> Information supplied
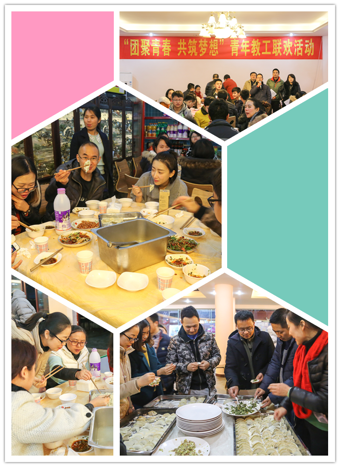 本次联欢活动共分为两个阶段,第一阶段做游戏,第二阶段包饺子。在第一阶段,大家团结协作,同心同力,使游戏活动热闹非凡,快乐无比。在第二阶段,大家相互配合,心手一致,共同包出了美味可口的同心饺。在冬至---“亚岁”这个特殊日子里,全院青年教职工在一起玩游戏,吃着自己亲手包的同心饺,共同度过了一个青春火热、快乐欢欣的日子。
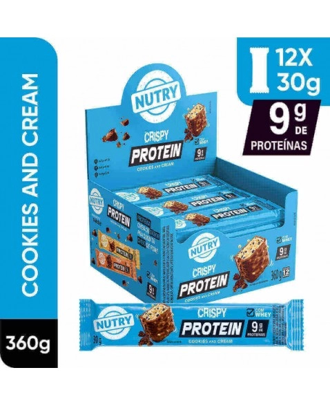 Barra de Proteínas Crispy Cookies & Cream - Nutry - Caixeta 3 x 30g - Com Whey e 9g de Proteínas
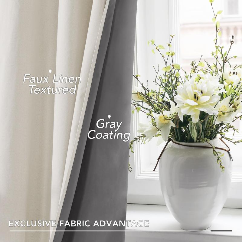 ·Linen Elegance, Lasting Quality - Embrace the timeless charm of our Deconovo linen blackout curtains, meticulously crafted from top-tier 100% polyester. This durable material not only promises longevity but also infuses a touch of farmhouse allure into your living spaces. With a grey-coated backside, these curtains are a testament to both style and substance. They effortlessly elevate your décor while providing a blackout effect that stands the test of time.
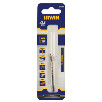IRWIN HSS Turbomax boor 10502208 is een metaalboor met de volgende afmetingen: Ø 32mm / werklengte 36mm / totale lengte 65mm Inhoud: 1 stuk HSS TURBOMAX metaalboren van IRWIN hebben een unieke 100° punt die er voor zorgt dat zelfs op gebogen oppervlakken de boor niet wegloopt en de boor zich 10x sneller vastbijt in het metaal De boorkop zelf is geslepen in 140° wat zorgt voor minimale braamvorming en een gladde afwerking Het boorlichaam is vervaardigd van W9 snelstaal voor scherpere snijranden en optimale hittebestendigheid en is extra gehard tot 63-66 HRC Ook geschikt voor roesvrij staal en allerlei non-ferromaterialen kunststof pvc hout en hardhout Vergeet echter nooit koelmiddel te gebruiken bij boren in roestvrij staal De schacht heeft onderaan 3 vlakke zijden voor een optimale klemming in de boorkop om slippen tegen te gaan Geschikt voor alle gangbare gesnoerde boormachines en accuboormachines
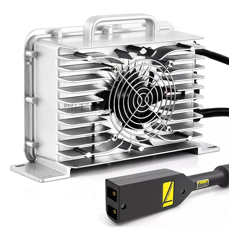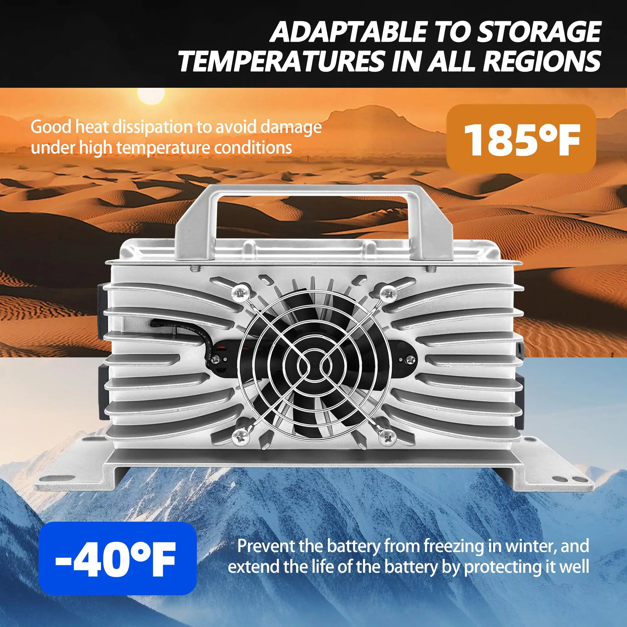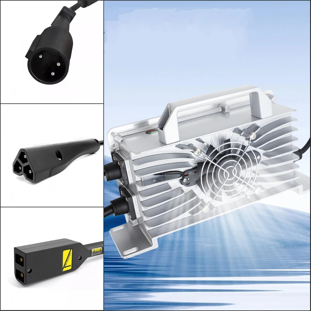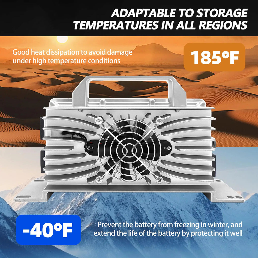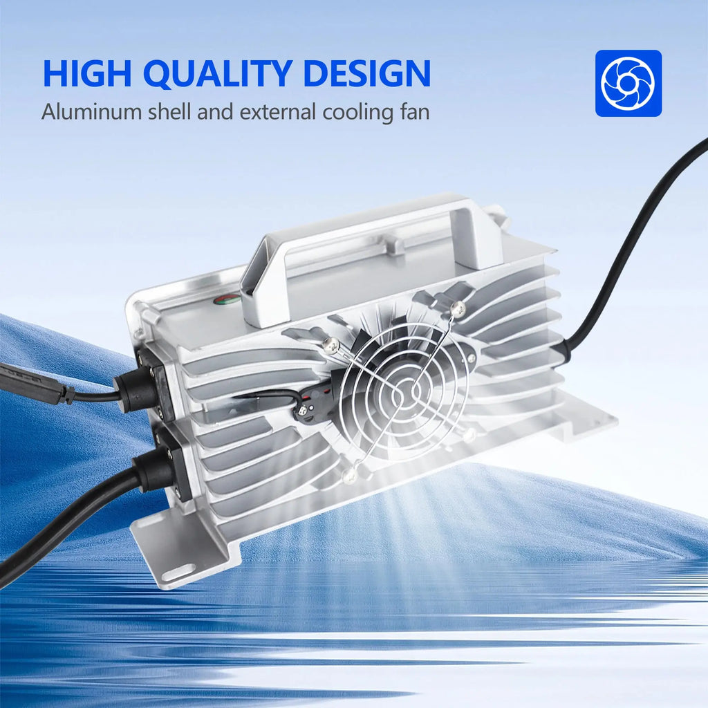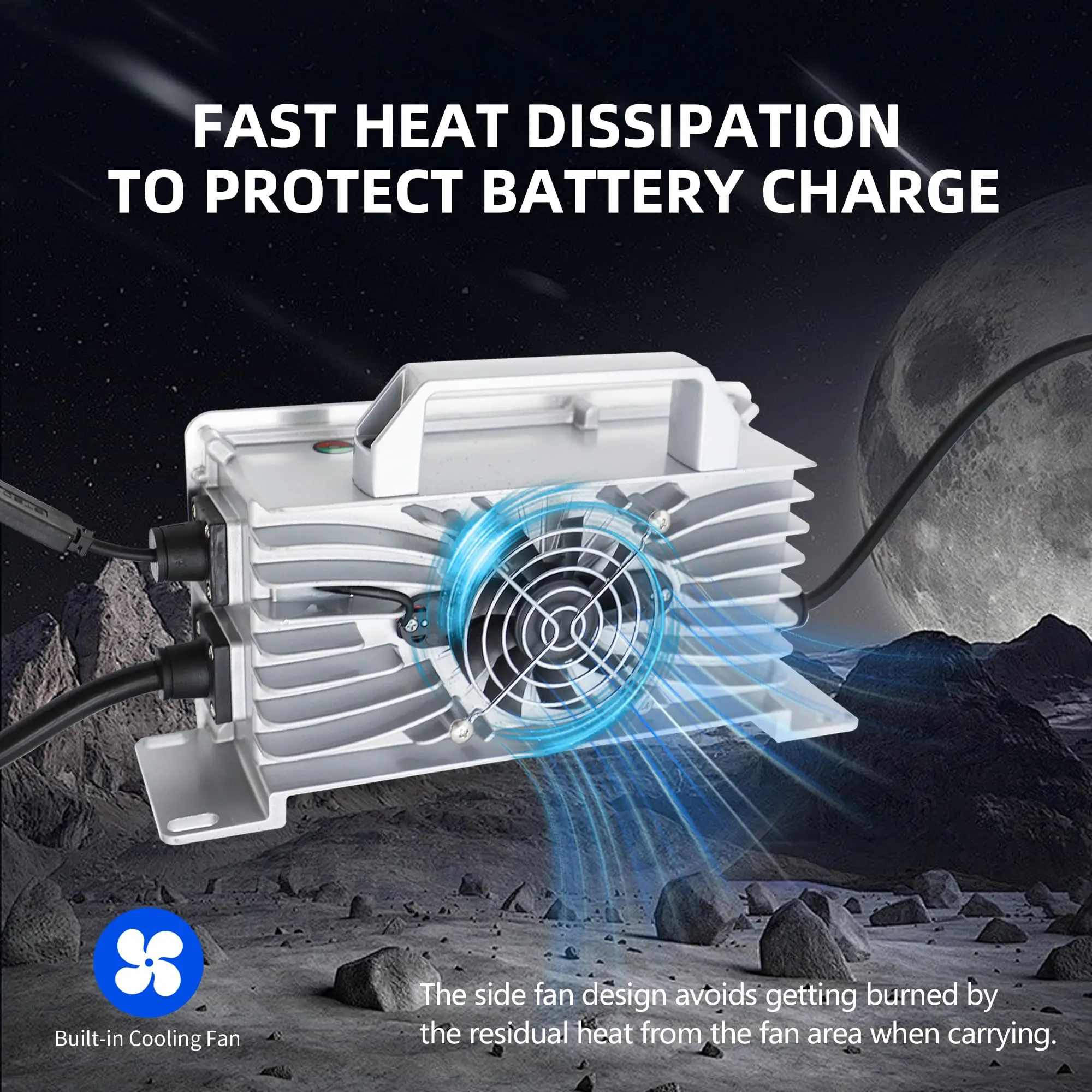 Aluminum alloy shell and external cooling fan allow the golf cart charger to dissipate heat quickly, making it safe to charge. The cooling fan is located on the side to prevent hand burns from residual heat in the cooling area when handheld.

--

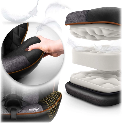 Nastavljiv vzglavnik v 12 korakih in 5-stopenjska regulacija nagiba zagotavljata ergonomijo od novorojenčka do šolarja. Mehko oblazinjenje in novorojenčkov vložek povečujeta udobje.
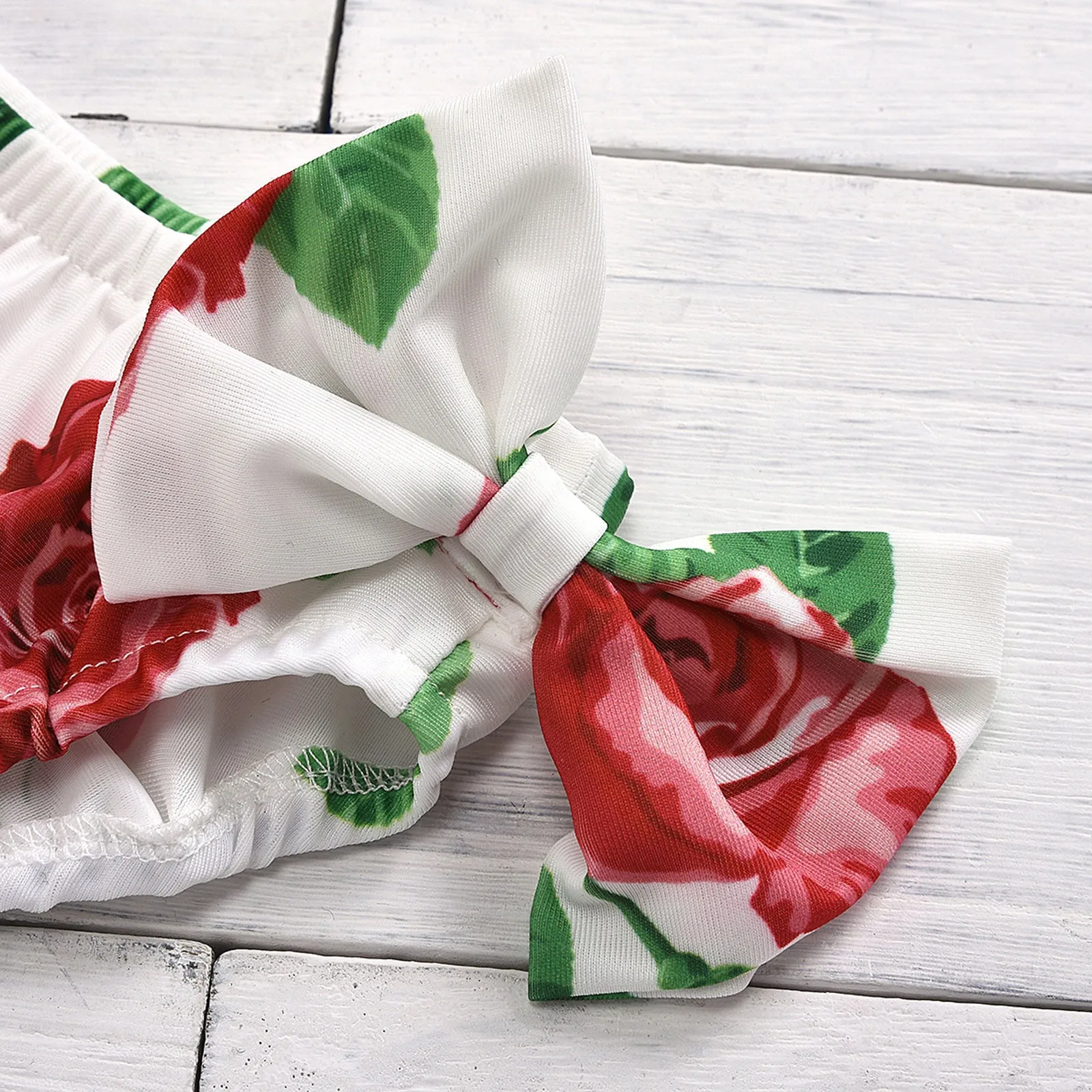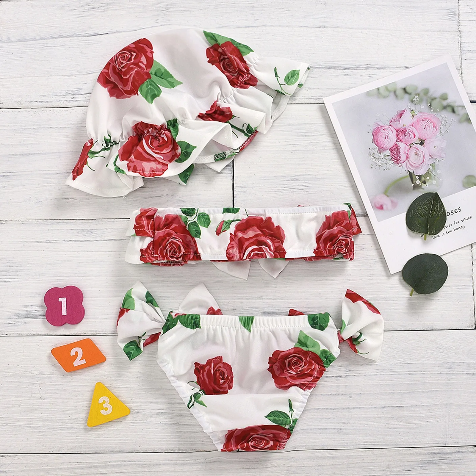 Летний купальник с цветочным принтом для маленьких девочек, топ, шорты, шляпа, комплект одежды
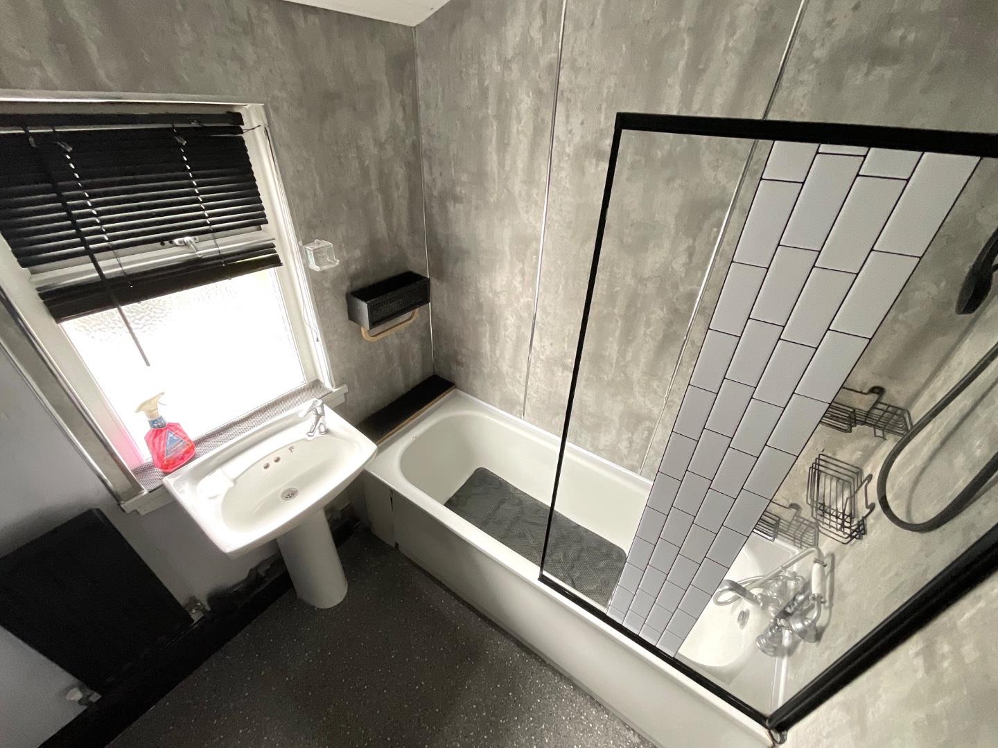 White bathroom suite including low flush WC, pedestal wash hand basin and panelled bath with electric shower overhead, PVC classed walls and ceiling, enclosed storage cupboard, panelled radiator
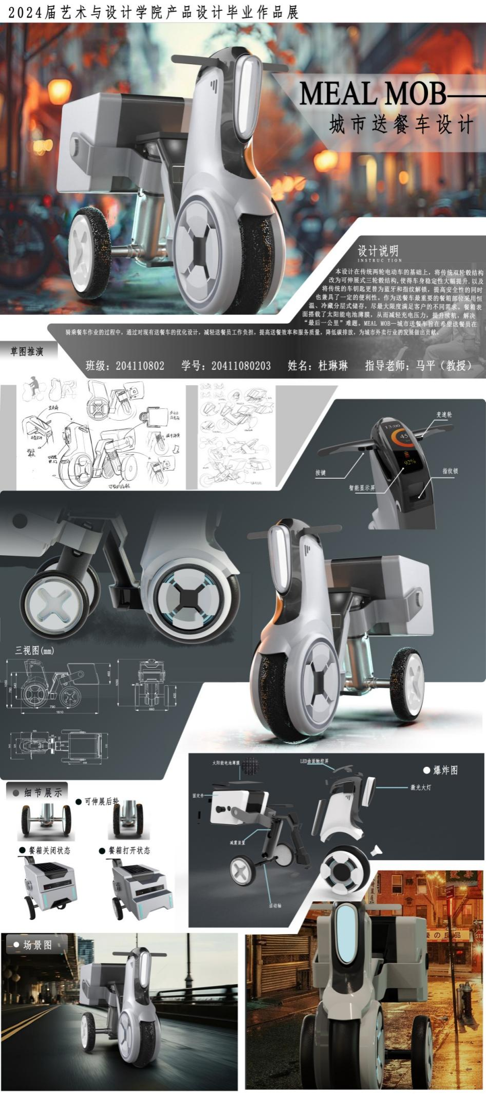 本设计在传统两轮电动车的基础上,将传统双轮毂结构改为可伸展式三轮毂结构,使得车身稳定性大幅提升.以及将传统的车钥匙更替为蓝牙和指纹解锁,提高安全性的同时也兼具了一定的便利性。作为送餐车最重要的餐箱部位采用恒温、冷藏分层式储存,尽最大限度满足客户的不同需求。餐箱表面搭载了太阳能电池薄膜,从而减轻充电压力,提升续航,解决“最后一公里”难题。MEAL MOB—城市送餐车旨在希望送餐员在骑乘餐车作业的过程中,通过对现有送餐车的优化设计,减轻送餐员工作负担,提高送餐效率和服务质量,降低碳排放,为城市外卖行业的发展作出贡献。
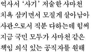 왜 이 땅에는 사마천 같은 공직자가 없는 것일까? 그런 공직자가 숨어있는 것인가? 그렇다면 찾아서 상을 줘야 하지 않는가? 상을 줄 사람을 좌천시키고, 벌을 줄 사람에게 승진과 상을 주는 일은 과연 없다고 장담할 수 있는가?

---

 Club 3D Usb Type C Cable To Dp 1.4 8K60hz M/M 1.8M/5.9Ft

> What to produce
Copy the lines above between the one holding "本次联欢活动共分为两个阶段,第一阶段做游" and the one holding "Barra de Proteínas", inclusive. Drop the pictures.

> Output for this task
 本次联欢活动共分为两个阶段,第一阶段做游戏,第二阶段包饺子。在第一阶段,大家团结协作,同心同力,使游戏活动热闹非凡,快乐无比。在第二阶段,大家相互配合,心手一致,共同包出了美味可口的同心饺。在冬至---“亚岁”这个特殊日子里,全院青年教职工在一起玩游戏,吃着自己亲手包的同心饺,共同度过了一个青春火热、快乐欢欣的日子。
 Barra de Proteínas Crispy Cookies & Cream - Nutry - Caixeta 3 x 30g - Com Whey e 9g de Proteínas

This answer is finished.